In 1997 historian James H. Jones, after interviewing many of Kinsey’s friends, former students, and colleagues, published a revelatory biography of Kinsey. Jones found that from his adolescent years nearly to his death, Kinsey engaged in savagely painful sadomasochistic acts and was repeatedly involved in unusual and inventive sexual practices. During field trips to gather gall wasps, he often went naked and pressured the male students who accompanied him to engage in sexual relations. He became less cautious over time and at the Institute organized, participated in, and even filmed all manner of voyeuristic, homosexual, and other sexual activities involving interview subjects, prostitutes, colleagues, and spouses. Jones showed that Kinsey was not a dispassionate, numbers-crunching scientist, but a zealous reformer who sought to exorcise his own sexual demons, and the repressive society he believed gave rise to them, with an invincible army of hard facts.
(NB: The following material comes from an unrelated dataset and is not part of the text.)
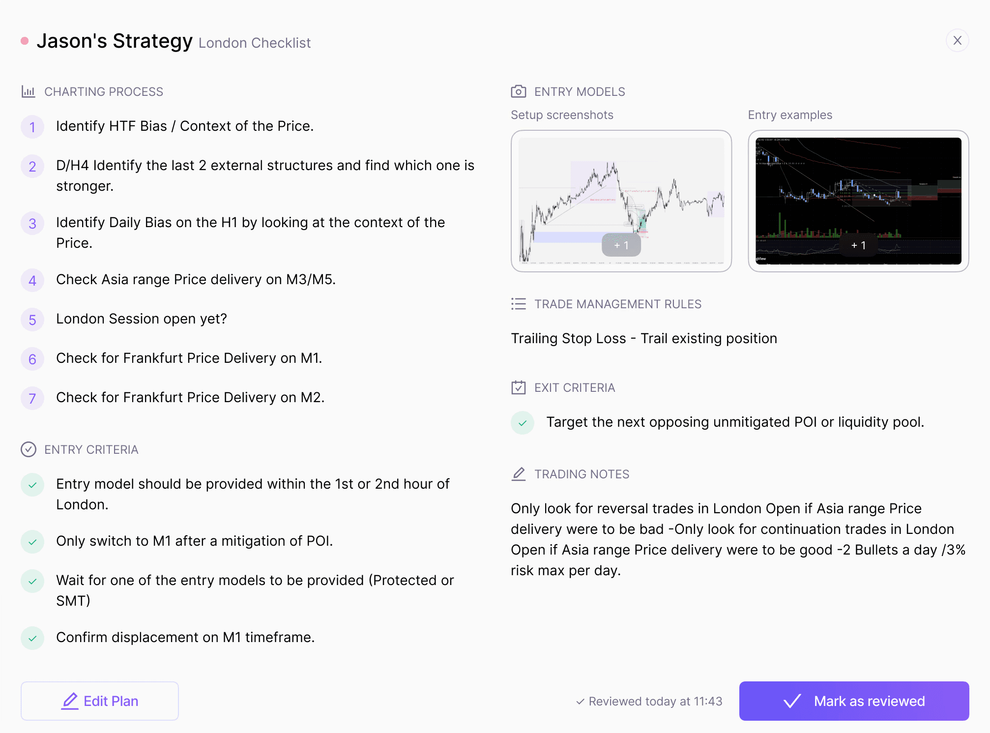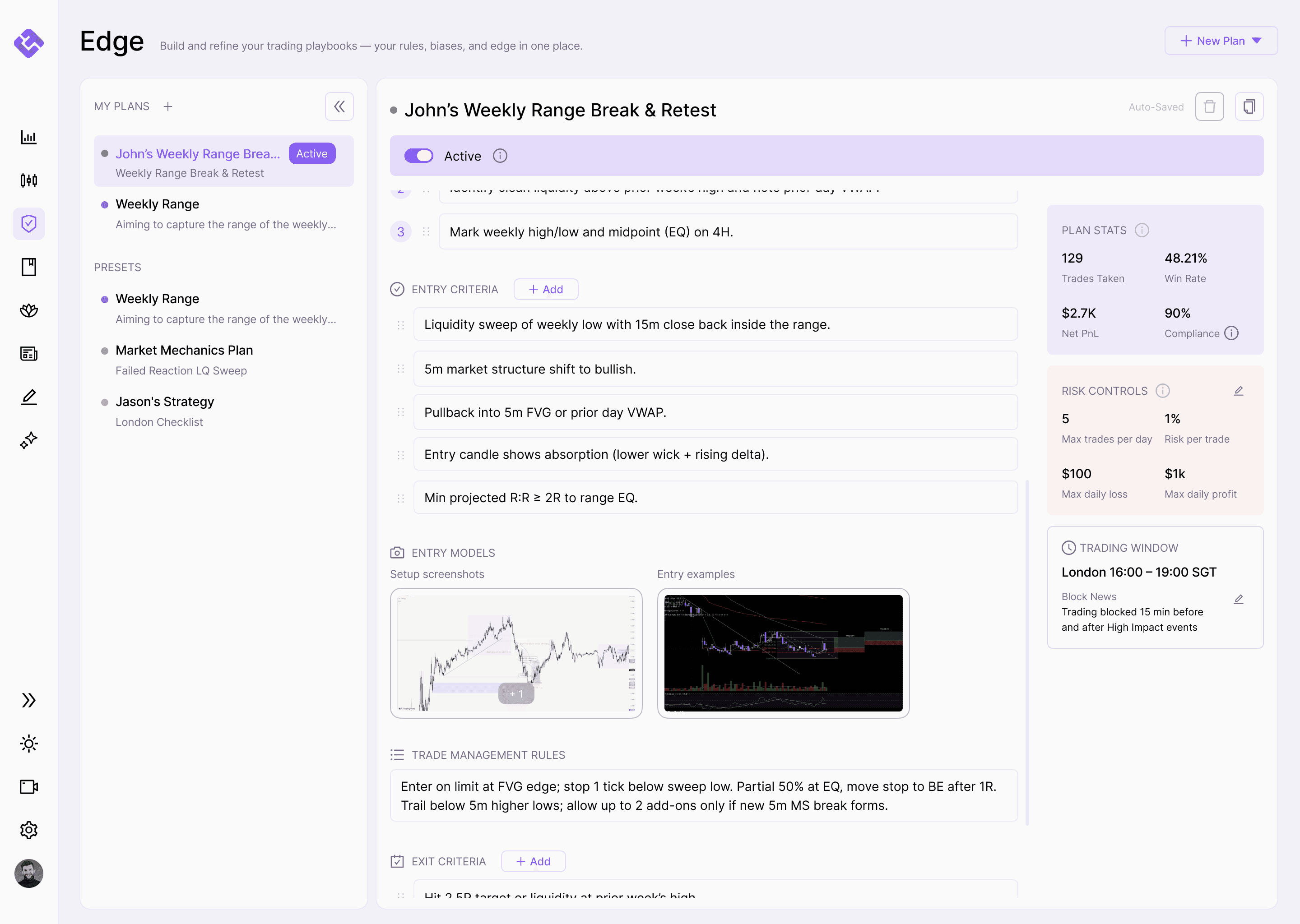 Define your setups, criteria, invalidation, and management rules inside Edge. Set one plan as Active, and keep it visible during execution so you stop improvising.

But his facts were not as solid as he imagined, and in any case they failed to sustain his analytical suppositions. As a theoretical scientist, Kinsey was second-rate. Biologist Stephen Jay Gould derided Kinsey’s gall wasp taxonomy as “bloated,” for Kinsey had overemphasized the significance of “transient and minor local variants” (Gould p. 230, n. 148). Similarly, Kinsey’s dogged pursuit of additional sexual histories, disproportionately taken from people whose behaviors most interested him, vitiated the broader relevance of his data. A greater weakness still, as anthropologist Margaret Mead and theologian Reinhold Niebuhr pointed out, was Kinsey’s neglect of the emotional and social aspects of human sexuality. Yet Kinsey was indisputably a tireless researcher who opened up new fields of scientific investigation and transformed the way Americans discussed sex and sexuality. His data and the publicity surrounding them weakened the hold of traditional religious and moral values and did much to prepare the way for the “sexual revolution” of the 1960s.

Bibliography

Kinsey’s papers and letters—some 50,000 of them—are located at the Kinsey Institute for Research in Sex, Gender, and Reproduction Archive at Indiana University, Bloomington. Other materials can be found in the Indiana University Archives, the Indiana University Oral History Project, the Committee for Research in Problems in Sex at the National Research Council Archives in Washington, D.C., and the Rockefeller Archives Center, Pocantico Hills, Sleepy Hollow, N.Y. The essential biography is James H. Jones, Alfred C. Kinsey: A Public/Private Life (1997). For an earlier, less revealing biography, by a former member of Kinsey’s staff, see Cornelia V. Christenson, Kinsey: A Biography (1971). See also Paul Robinson, The Modernization of Sex: Havelock, Alfred Kinsey, and William Masters and Virginia Johnson (1976); Sidney Ditzion, Marriage, Morals, and Sex in America: A History of Ideas (1953); and Vern L. Bullough, Science in the Bedroom: A History of Sex Research (1994). On Kinsey’s reputation as a taxonomist, see Stephen Jay Gould, “Of Wasps and WASPs,” Natural History, Dec. 1982.